Really? Really. My ability to go with the flow, ability to multi-task, creative thinking, and boundless energy are perfect for working in a criminal defense law office. Working with the demented elderly. Working in advertising sales. Any job that involves people juggling, and lightning speeds, and I have done these aforementioned jobs and many more.
I am also exceptional as “that employee that is perfect for plugging a hole in whatever pinch you may be presented with, because I have unique skills along with the aforementioned awesome traits”. I am always that person. I’ve made a bit of a career out of that, if nothing else specifically.

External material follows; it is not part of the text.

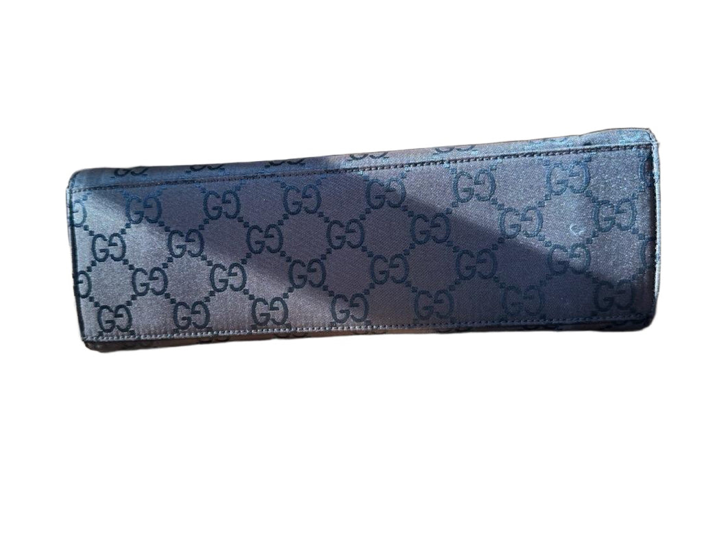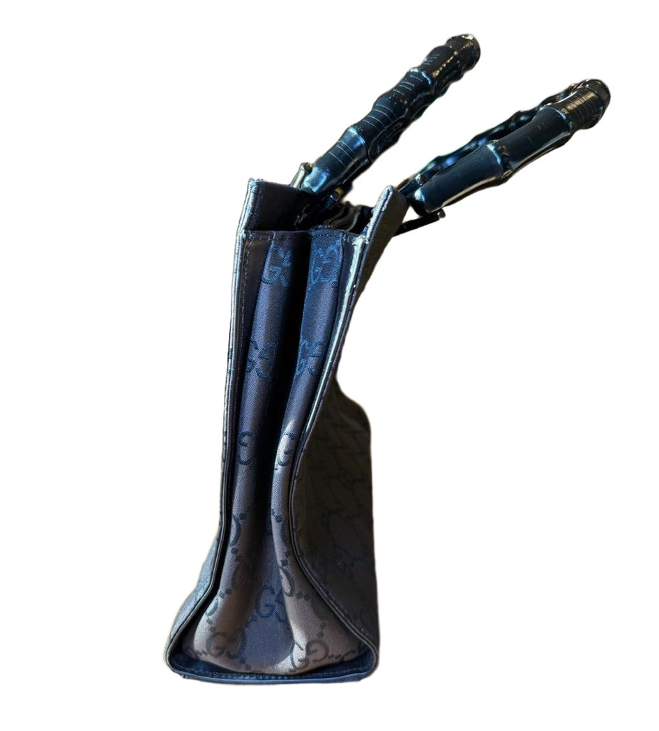 Gucci Womens Brown and Black GG Canvas Bamboo Top Handle Tote Monogram Luxury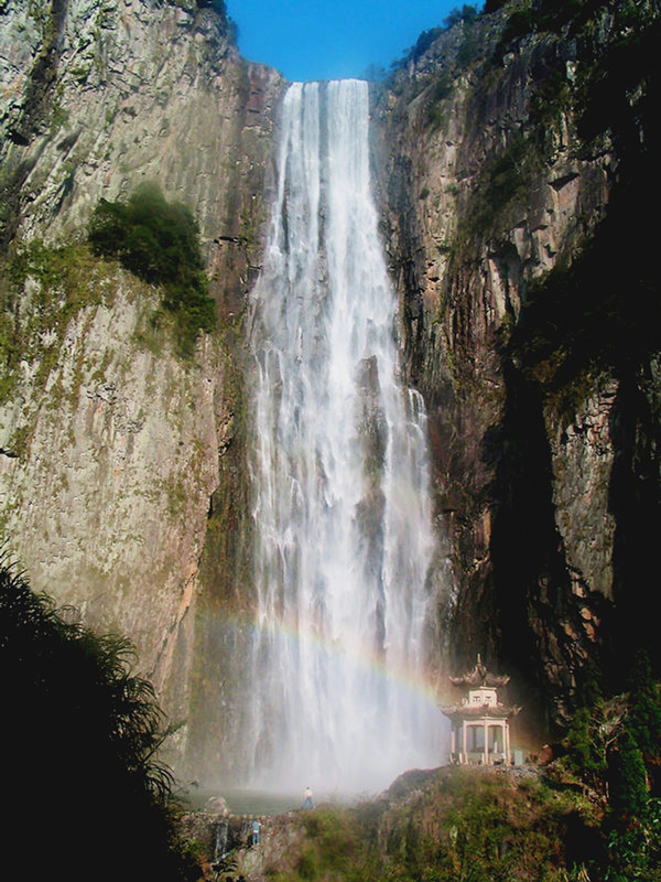 一漈百丈高,高达207米,宽30余米,素有“天下第一瀑”之称。三面绝壁如削,仰观绝壁直插云天:俯瞰壑底,如见地狱,惊心动魄。位于南田山南向边缘,汇福地南田溪涧流水,从百丈悬崖绝壁倾泻而下,水天相接,雪雾齐飞,滚珠泻玉,烟虹变幻,瀑声雷惊十里之外,成旷世奇观。刘基观瀑诗云:“悬崖峭壁使人惊,百斛长空抛水晶,六月不辞飞霜雪,三冬更有怒雷呜”。

Beyond being a sign of my ADHD it is also a cultural trait of the family that spawned me. (Chicken…or egg…or ADHD…I think about this often, and wonder if my family could qualify for a group rate for ADHD treatment.)
The malfunction (THE malfunction) reveals itself in my choice of the word “many”. Most jobs are boring to me after an extremely short period of time. So I generally have a couple of them at a time, and not for the money…for my sanity. Having two, sometimes three jobs is the precise thing that keeps me interested in any one of them.
Is this good? Is this bad? I don’t know. It is simply what I have done. It is how I have learned to “be” in this world. It pays my bills and validates my uniqueness.
I think about this a lot lately because I am examining a lot of choices as a seek to shape a new future for myself. This is something that, at this point…I don’t think I would change. These are the conditions under which I thrive…why would I change what is working? It’s hard enough work changing what doesn’t….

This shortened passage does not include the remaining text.